There are a few things going on. First, when you open an image in Photoshop (a "normal" RGB image), Photoshop separates the red, green and blue pixels into separate channels, which you can see in your channels palette. So right there, before you've touched anything, the image is now three times its original size in Photoshop because Photoshop has duplicated it three times into three individual color channels.
The other—often bigger—thing going on has to do with image compression and the formula for how Photoshop calculates image size. The image size calculation in Photoshop is based on Pixel Width x Pixel Height,
regardless of the compression of the original image. When you compress a JPEG image, it's file size gets substantially smaller when you save it to a website or look at it in your Downloads folder. But in Photoshop, as long as the pixel dimensions are unchanged, the file size will be unchanged, even if you have greatly compressed the file.
Here's the formula to calculate the Photoshop file size:
- Multiply Pixel Width x Pixel Height.
- Multiply that result by 3 (because of the three color channels).
- Divide by 1,024 to convert to KB.
- Divide once again by 1,024 to convert to MB.
Here's an example using a large, high quality Vogue Magazine cover.
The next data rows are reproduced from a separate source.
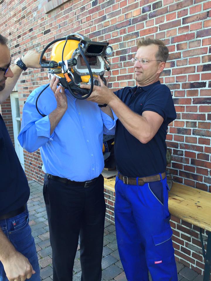 Ministerpräsident Stephan Weil hat am 7. September 2016 eine weitere Station in der Reihe „Stephan Weil: Arbeit und Dialog“ absolviert. Dieses Mal war er bei NiedersachsenPorts (NPorts) in Emden zu Gast und absolvierte dort ein dreistündiges Kurzpraktikum – samt Tauchgang, wenn auch nur als Begleiter über Wasser.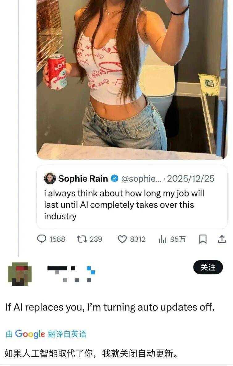 2025年12月25日,索菲更新了自拍🤳,问粉丝:“could AI replace me?(AI会替代我吗?)”而她的粉丝在评论里写道:“如果人工智能取代了你,我就关闭自动更新。”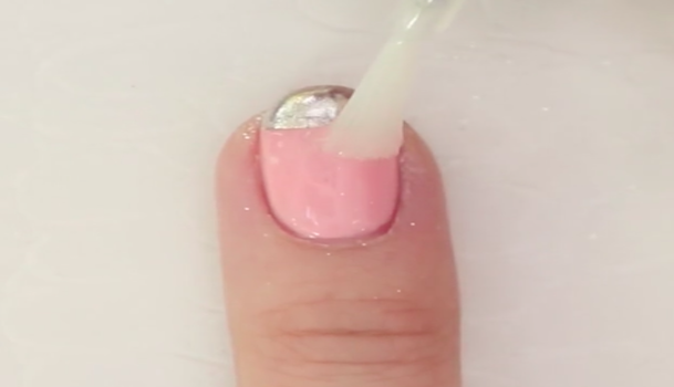 シルバーのパウダーがなじんだら、爪先にトップコートを塗ります。

When I look in my Download folder, it says the file size is 383 KB. It's pixel dimensions are 1360 x 1920 and the file size (in Photoshop) is 7.47 MB.
Then I re-saved the image again as a compressed jpeg. In my Download folder the original file shows as 383kb and the newly compressed version shows as 165kb. But even though file #2 has been compressed, the pixel dimensions remain unchanged, therefore the Photoshop file size remains unchanged as 7.47 MB for both files.
If you look farther down below, I posted a side-by-side comparison of her eye—greatly magnified—in the original image vs. my highly compressed image. As you can see, the compressed image has noticeable jpeg artifacts—those distorted mosaic-looking squares. When viewed at a small magnification, the compressed file looks just fine, but it does not stand up to high magnification. But both images have the same pixel dimension, therefore both images are the same file size in Photoshop.
The bottom line is that Photoshop doesn't care if you have nice pixels or crappy pixels when calculating file size. It's simply pixel width x pixel height (...times 3, etc.)